The city survived into the Syriac Christian period as the name of Mt. Izala (Izla), on which in the early 4th century AD stood the monastery of Nisibis, housing seventy monks. In the Roman period, the city itself was known as Marida (Merida), from a Neo-Aramaic language name translating to "fortress".

Between c. 150 BC and 250 AD it was part of the kingdom of Osroene, ruled by the Abgarid dynasty.

Medieval history 
During the early Muslim conquests, the Byzantine city was captured in 640 by the Muslim commander Iyad ibn Ghanm. In many periods control of the city changed hands frequently between different dynasties. Hamdan ibn Hamdun captured the city in 885 and it remained under intermittent Hamdanid control until the second half of the 10th century, at which point it became contested between the Marwanids and the Uqaylids, with the Marwanids probably holding the upper hand over this area. Marwanid control in the region was ended by the arrival of the Great Seljuks under Malik-Shah I in 1085, which inaugurated an era of Turkish political domination and immigration in the region. 

From 1103 onwards, Mardin served as the capital of one of the two main branches of the Artuqid dynasty, a Oghuz Turkish family who had earlier fought alongside the Seljuks. Many of Mardin's major historic buildings were constructed under Artuqid control, including several mosques and madrasas, along with other types of Islamic architecture. The lands of the Artukid dynasty fell to the Mongol invasion sometime between 1235 and 1243, but the Artuqids submitted to Mongol khan Hülegü and continued to govern as vassals of the Mongol Empire.

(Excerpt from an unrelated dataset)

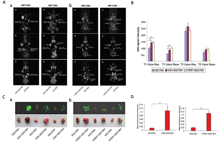 SCID mice injected with various types of cells were subjected to MR scanning. As shown in Figure 5A, the CMV-SGC-7901 group (Figure 5Aa) showed a higher signal at MR T1WI compared to the control, and similar results were obtained in the hTERT-SGC-7901 group (Figure 5Ab). However, MR T2WI scanning did not show differences in the signal levels between the groups (Figure 5A). An in vivo Multispectral Imaging System was used to image GFP expression in the mice, and the tumors were also harvested and imaged separately. The maximums and averages of the signal strengths at MR T1WI and MR T2WI were calculated and are shown in Figure 5B. This result further demonstrates that MR T1WI but not MR T2WI reflects the signal change caused by the reporter lentivirus in cells with varying levels of hTERT expression. As shown in Figure 5C, both the CMV-SGC-7901 group and the hTERT-SGC-7901 group had higher green fluorescence signals than the control group, which was consistent with the results in Figure 5A. The results shown in Figure 5C are quantified in Figure 5D. Quite consistent results were observed in xenograft tumors derived from HepG2 cells (Supplementary Figure 1). On the contrary, the MR T1WI signal was unchanged in the hTERT-U2OS group compared with the corresponding control group (U2OS; Supplementary Figure 2). These results imply that MR T1WI can be used to distinguish hTERT-positive tumors from the hTERT-negative tumors using the hTERT-TYR system.

When Timur invaded the region in 1394, the local Artuqid ruler, 'Isā, submitted to Timurid suzerainty, but the region continued to be disputed between different powers. The last Artuqid ruler, al-Salih, finally yielded the city to Qara Yusuf, the leader of Qara Qoyunlu, in 1408–9, and left for Mosul. The city continued to be contested between the Qara Qoyunlu and their rivals, the Timurid-allied Aq Qoyunlu. In 1451 the Qara Qoyunlu besieged the city after it had been captured by the Aq Qoyunlu, but failed to retake the stronghold. Aq Qoyunlu rule thus continued in the city for the rest of the 15th century. Coins were struck here under the rule of Uzun Hasan and his son, Ya'qub. After Ya'qub, Aq Qoyunlu rule began to fragment, but Mardin remained the center of an independent Aq Qoyunlu principality for many years, while the Safavids in the east grew stronger. In 1507, the Safavid ruler Ismail I succeeded in capturing the city and the castle, expelling the local Aq Qoyunlu ruler.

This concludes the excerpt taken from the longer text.